After the arbitration, they denounced both Ali and Muawiyah and called them infidels. They chose their own leader named Abdullah bin Wahb and mustered a force of 4k men to march on Madinah and make it their seat of theocratic government.
They were repelled by Madinah Governor, they then marched towards the town of Nahrawan which they captured.
Most of them originally belonged to Bedouin tribes of Yemeni origin, especially of great Tamim tribe.
They were inspired by the Islamic principles of equality and fraternity and looked to the equalitarian, feudalistic tribal system of Umar.
They sought to preserve that against the emergent big feudalism of Umayyad in Syria or of Ali in Iraq. They believed that Ali or Muawiyah both strived to strengthen Quraishite aristocracy.
They wanted the system as it was in Abu Bakr or Umar’s time. They also thought Usman was rightly elected and followed Umar’s path but then fell victim to nepotism, for which he was rightly executed.
They had also accepted Ali’s election. But defected when he accepted the arbitration. They contended he wasn’t fit to be a caliph when he himself questioned God’s decision to elect him in first place. Therefore, he too should be deposed for his blasphemy.
Ali versus Kharijis
Ali again summoned a large force against Muawiyah and well on his way to Syria when he heard about the mistreatment that Kharijis were inflicting upon those who questioned their beliefs in Nahrawan.
They killed Abdullah bin Khabbad and his pregnant wife when Abdullah argued that Usman was killed unjustly.
Ali reached Nahrawan and defeated them there. All but seven escaped alive from the battlefield. The battle took place in 658 March.
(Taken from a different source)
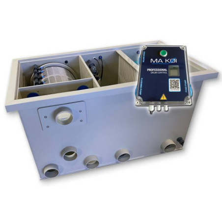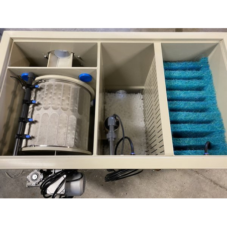 Le filtre à tambour en configuration gravitaire se trouve à environ 12,5 cm au-dessus du niveau de l'eau.

After the victory the Caliph returned to Kufa to rest a bit. When he called his soldiers again for marching towards Syria, they seemed reluctant. They complained they were too tired of fighting and their weapons too were in bad condition. Ali stalled the plan for a while.
Loss of Egypt
We know how Qays had be called back by Ali due to Muawiyah’s conniving games. He was replaced by Muhammad bin Abu Bakr. The new governor was brave but not a good administration.
He adopted provocative policy towards pro-Usman faction. He asked them to either submit or leave the region. They didn’t revolt at that time but did so after the arbitration.
Muawiyah sent Amr there to support the revolt. He was promised governorship of Fustat by Muawiyah.
Thus Egypt was lost too. Amr again became the governor of Egypt. And he remained the chief for 8 years till his death.
Truce with Muawiyah: 660
It is to be noted that events in this heading are contested and conflicting.
Ali was too weak to continue hostilities with Muawiyah. It is said Ali and Muawiyah concluded a truce in 660 which didn’t last long.
Subsequently, Muawiyah assumed the title of Khalifa in Jerusalem. Ali again was to set out to challenge, but he was murdered and embraced martyrdom.